Posted: July 31, 2025

This summer, the Georgian Trail is getting a wild makeover. Art in the Wild, a pop-up art experience in Meaford, will be on for one night only on Thursday, August 21, from 4 – 8 p.m. Stretching between Bridge Street and Denmark Street, the trail will be transformed into an open-air art gallery, featuring 30+ local artists and two musicians, with installations and performances tucked into trees, along fences, and scattered across the landscape. Expect the unexpected: art that surprises, delights, and invites you to look twice.

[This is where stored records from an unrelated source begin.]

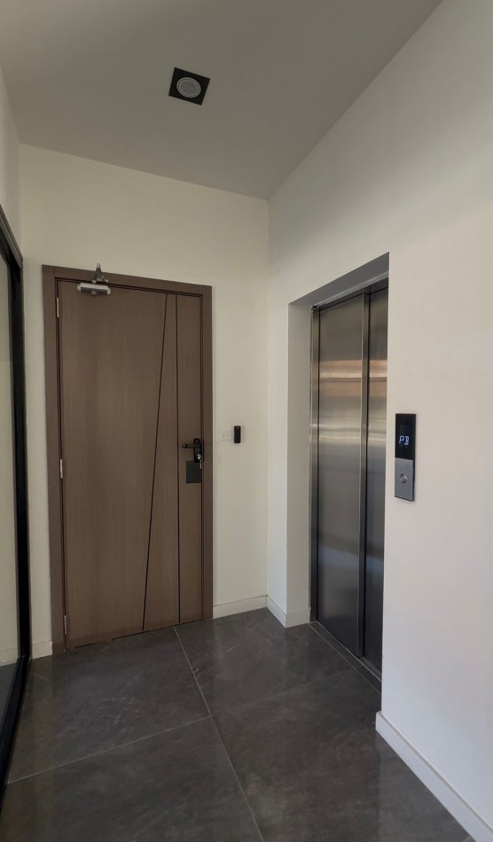 y revestimientos Ascensor de última generación con 7 paradas. Con capacidad para 7 personas (525kg) TERMINACIONES Cielorrasos de yeso proyectado. Revoque exterior proyectado 3 en 1. Balcones con barandas en aluminio. Portones de entrada a la cochera automatizados.
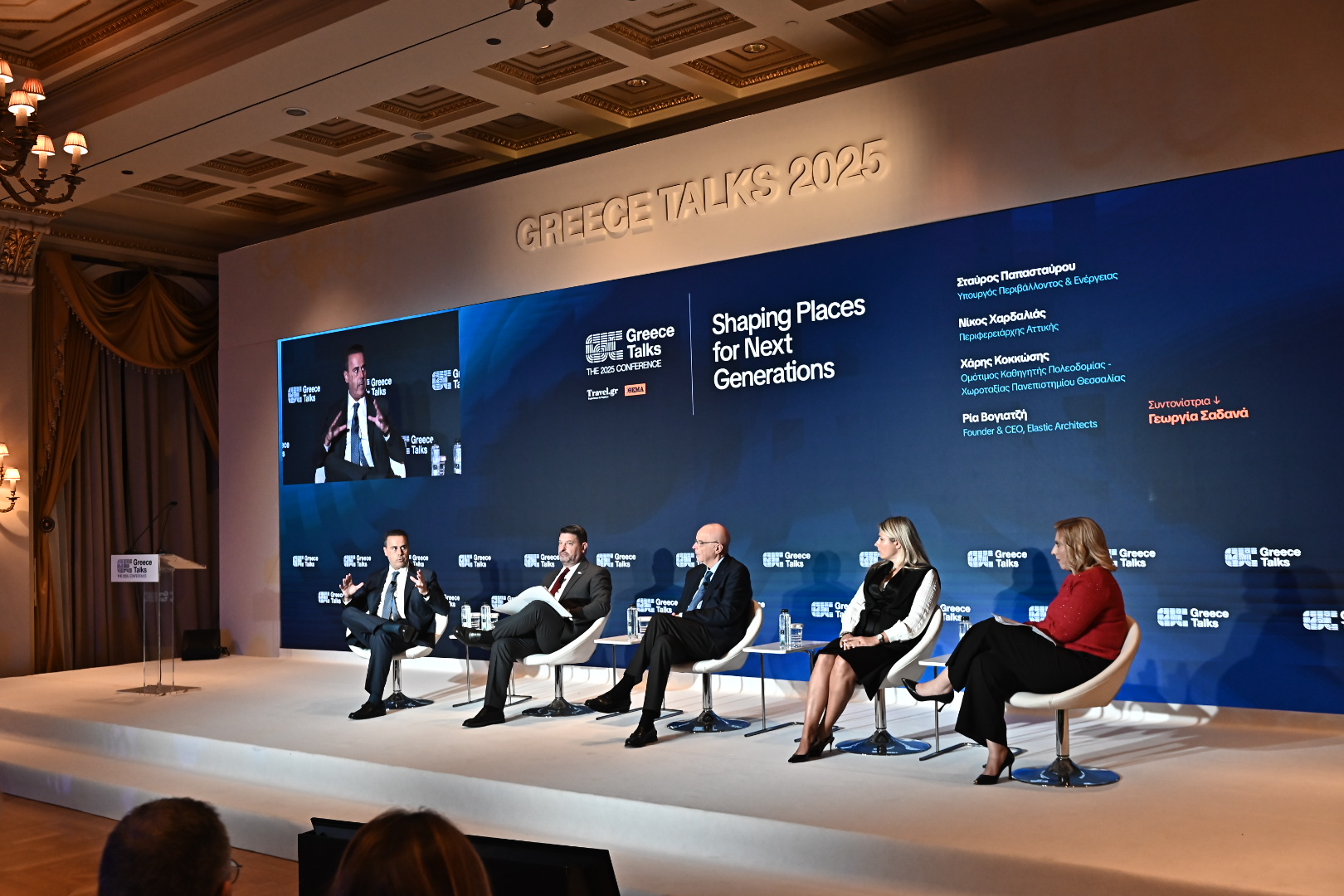 Η διαμόρφωση των τόπων όπου θα ζήσουν οι επόμενες γενιές είναι ζήτημα πολιτικής, οικονομίας, σχεδιασμού, κλιματικής αντοχής και πολιτισμικής ταυτότητας. Στο πάνελ Shaping places for next generations του Greece Talks 2025, τέσσερις άνθρωποι που επηρεάζουν άμεσα το μέλλον του ελληνικού χώρου: η πολιτεία, η περιφέρεια, η επιστημονική κοινότητα και η αρχιτεκτονική πράξη, συναντήθηκαν για να χαρτογραφήσουν τις προκλήσεις και τις αποφάσεις της επόμενης δεκαετίας.
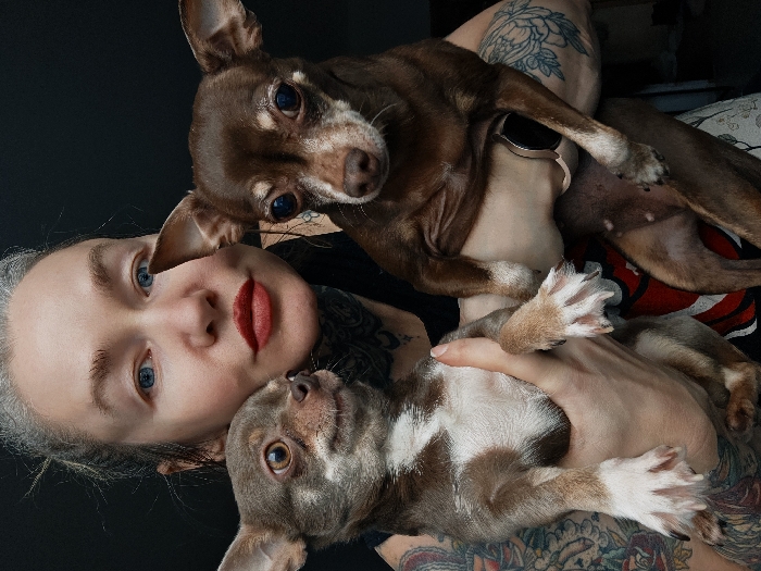 The image depicts a close-up, indoor portrait featuring an adult individual with two small dogs. The precise location within the city of Saint Petersburg, Russia, is not discernible from the visual evidence; the background is a uniformly dark, featureless surface, suggesting an indoor setting. The central figure is a light-skinned individual with blue eyes, red lipstick, and grey hair pulled back from the face. Extensive dark-ink tattoos are visible on both forearms, biceps, and across the neck. The individual is wearing a dark top, with a glimpse of red and white patterning visible on the left side. Their hands are holding two small dogs. The dog on the left has short, light brown and white fur, with brown eyes, and is looking slightly to the left of the camera. The dog on the right has short, dark brown fur, with large dark eyes, and is looking directly at the camera. Both dogs are held close to the individual's chest and face, facing forward towards the viewer. The individual is looking directly at the camera. No other objects or individuals are visible in the frame.
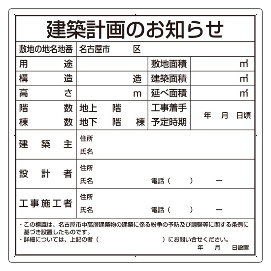 建築計画のお知らせ アルミ複合板製 名古屋市型 (302-26N)

“It’s part walk, part art show, part treasure hunt,” said organizers Viz Saraby and Nisa Cornforth. “You never know what you’ll find around the next bend.”

Visitors will receive an Art in the Wild ‘passport’ at the Gazebo (Kilometre Zero), the event’s starting point. The passport encourages guests to engage with artists along the trail: after chatting about their work, the artist will mark your passport. Visitors who collect the most signatures will be eligible for creative prizes donated by the artists themselves. It will be a playful way to spark conversation and connection, and a chance to walk away with a small piece of local art.

At the Gazebo, you’ll also find artist info pages, with short descriptions that explain what each artist creates. To learn more? You’ll have to go find them on the trail.

And while you wander, enjoy a refreshing mocktail, meet neighbours, and soak up the incredible talent Meaford has to offer.

  • Free admission
  • Start at the Gazebo (Kilometre Zero)
  • Thursday, August 21
  • Rain date: August 28

Don’t miss this unforgettable fusion of art, nature, and community spirit. Whether you’re a seasoned art lover or a curious explorer, Art in the Wild promises to be a magical evening off the beaten path.

Thank you to the Meaford Culture Foundation for their generous support!